WORK REQUEST: The answer is the line containing "黑武士男鞋秋季厚底增高潮流休闲百搭跑步气垫减震皮面运动老爹鞋" plus every line after it to the end of the material, retyped exactly and without the pictures.

═════ MATERIAL TO PROCESS ═════

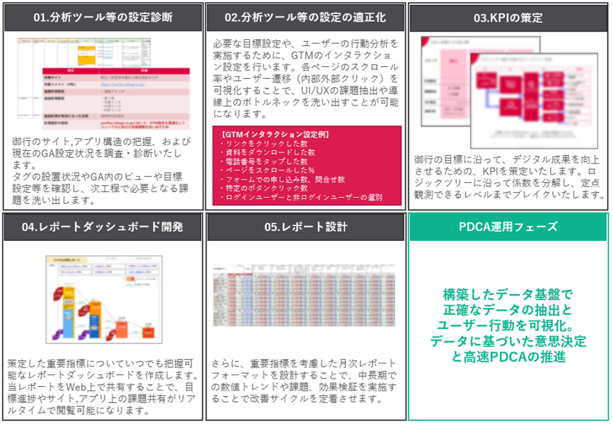 実際に支援を開始する際には、自社に持ち帰ってレポートを作成するのではなく、貴行のご担当者さまと、貴行のデジタルマーケティングで実現したい目標(KGI・KPIの策定)を一緒に行い、どのような指標を取っていくべきかなどの方針を決めてから、必要な分析タグの設計・レポートの実装を行います。
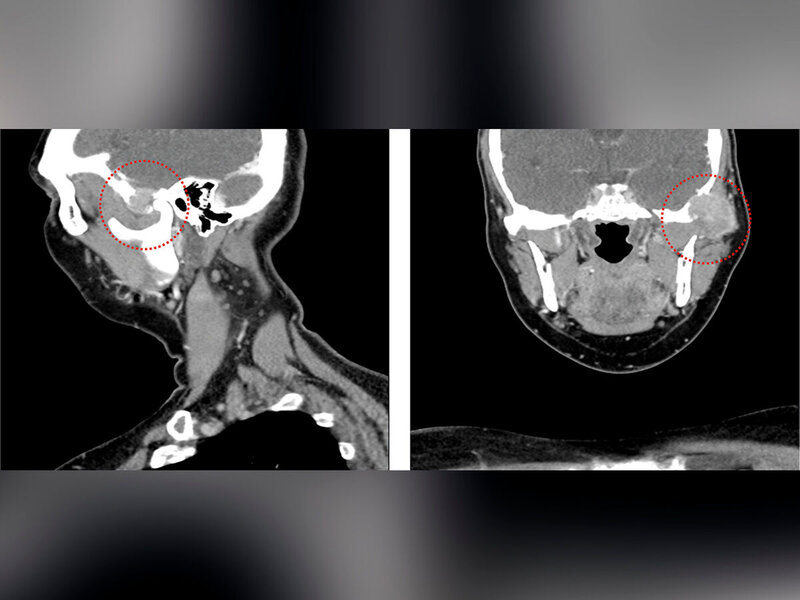 In der durchgeführten CT-Untersuchung mit Kontrastmittel (Abbildung 1) zeigte sich in der linken Gelenkpfanne des Kiefergelenks ein unscharf und destruierend wachsender Tumor mit einem maximalen Durchmesser von etwa 3 cm. Der Tumor arrodierte das Felsenbein und einzelne Mastoidzellen. Die knöcherne Begrenzung der mittleren Schädelgrube zeigte sich nach intrakraniell aufgehoben und die Dura mater zum angrenzenden Temporallappen wurde bereits nach medial verdrängt. Der linke Jochbogen zeigte sich ebenfalls knöchern destruiert, das linke Kiefergelenkköpfchen war jedoch intakt. Im MRT zeigten sich neben einer Tumorinvasion des Musculus temporalis auch ipsilateral links intra- und paraparotideale Lymphknoten, die im Seitenvergleich vermehrt imponierten (Größe < 1 cm). Im Level IIb links zeigten sich im Seitenvergleich ebenfalls vermehrt Lymphknoten, allerdings ohne einen konkreten morphologischen Malignitätsverdacht.
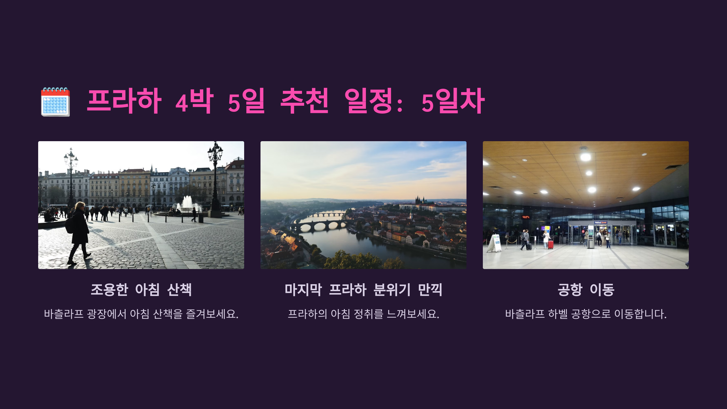 프라하의 중심지로, 중세 유럽의 정취를 느낄 수 있는 장소입니다.- 추천 활동: 천문 시계(Orloj) 감상, 거리 공연 구경
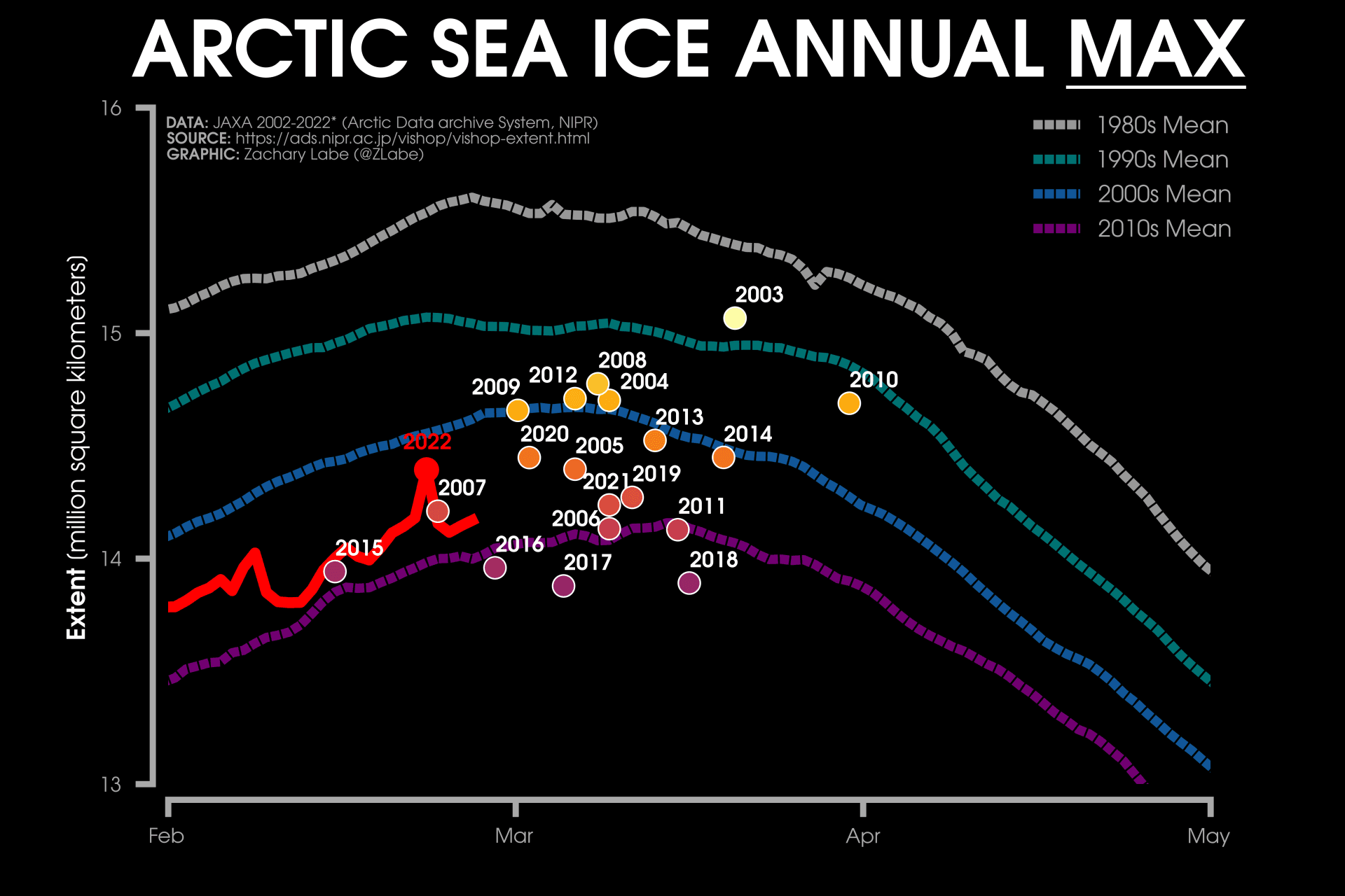 Évolution de la banquise arctique durant le mois de février 2022 – Zachary Labe – JAXA
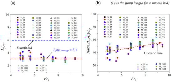 Figure 10a plots this study’s depth ratios (y2/y1) and earlier studies versus Fr1. This figure shows that the depth ratio y2/y1 for the rough beds is smaller than the smooth bed (classical jump). Therefore, the effect of the right triangular prism rough beds reduces in comparison with the conjugate depth. The results of this study also indicate a good agreement with those obtained by previous studies [1,2,5,7,8,13].
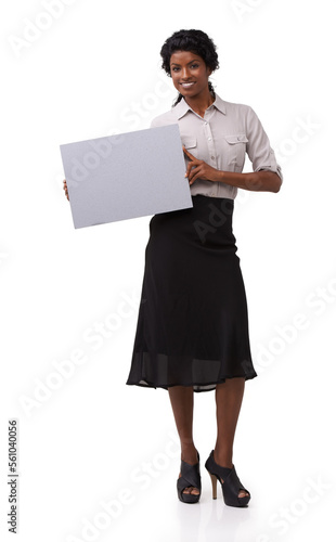 Portrait, poster and mockup with an indian woman in studio on a white background holding a blank sign. Marketing, advertisng and mock up on paper with a female showing space for product placement
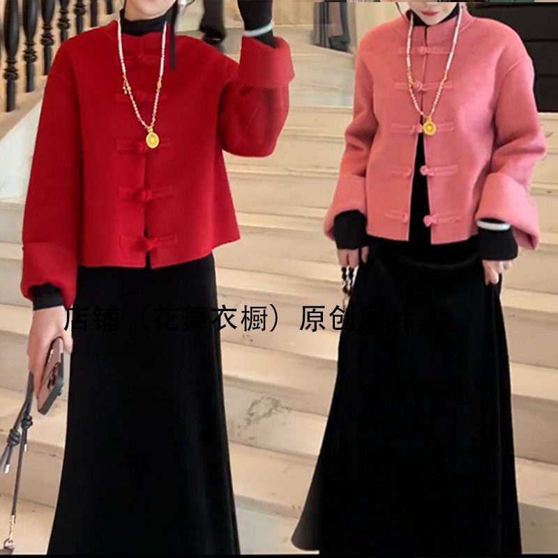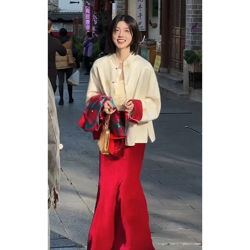 新中式盘扣外套女冬季高级感气质宽松百搭红色上衣鱼尾裙两件套装
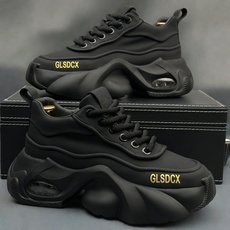 黑武士男鞋秋季厚底增高潮流休闲百搭跑步气垫减震皮面运动老爹鞋
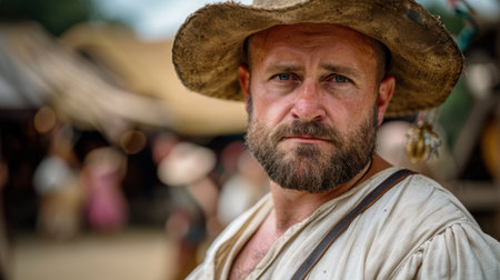 Pirate captain looking sternly, portraying a strong and determined leader from the golden age of piracy
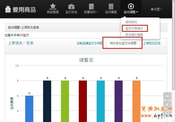 好了,設置好就點擊“保存設置”就算是自動調整好了全店的寶貝上架時間了,您可以通過【自動上架--優化統計報表】中查看一周每天上架的計劃及實時掌握上架動態,如下圖:
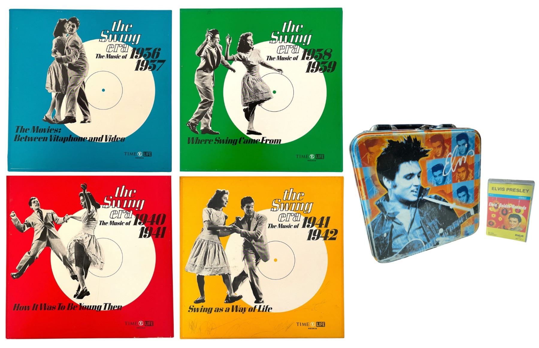 4-Album Set: The Swing Era - The Music of 1936-37, 1938-39, 1940-41, 1941-42 and Elvis Presley Tin Lunchbox & Records Tape

═════

EXERCISE ANSWER:
 黑武士男鞋秋季厚底增高潮流休闲百搭跑步气垫减震皮面运动老爹鞋
 Pirate captain looking sternly, portraying a strong and determined leader from the golden age of piracy
 好了,設置好就點擊“保存設置”就算是自動調整好了全店的寶貝上架時間了,您可以通過【自動上架--優化統計報表】中查看一周每天上架的計劃及實時掌握上架動態,如下圖:
 4-Album Set: The Swing Era - The Music of 1936-37, 1938-39, 1940-41, 1941-42 and Elvis Presley Tin Lunchbox & Records Tape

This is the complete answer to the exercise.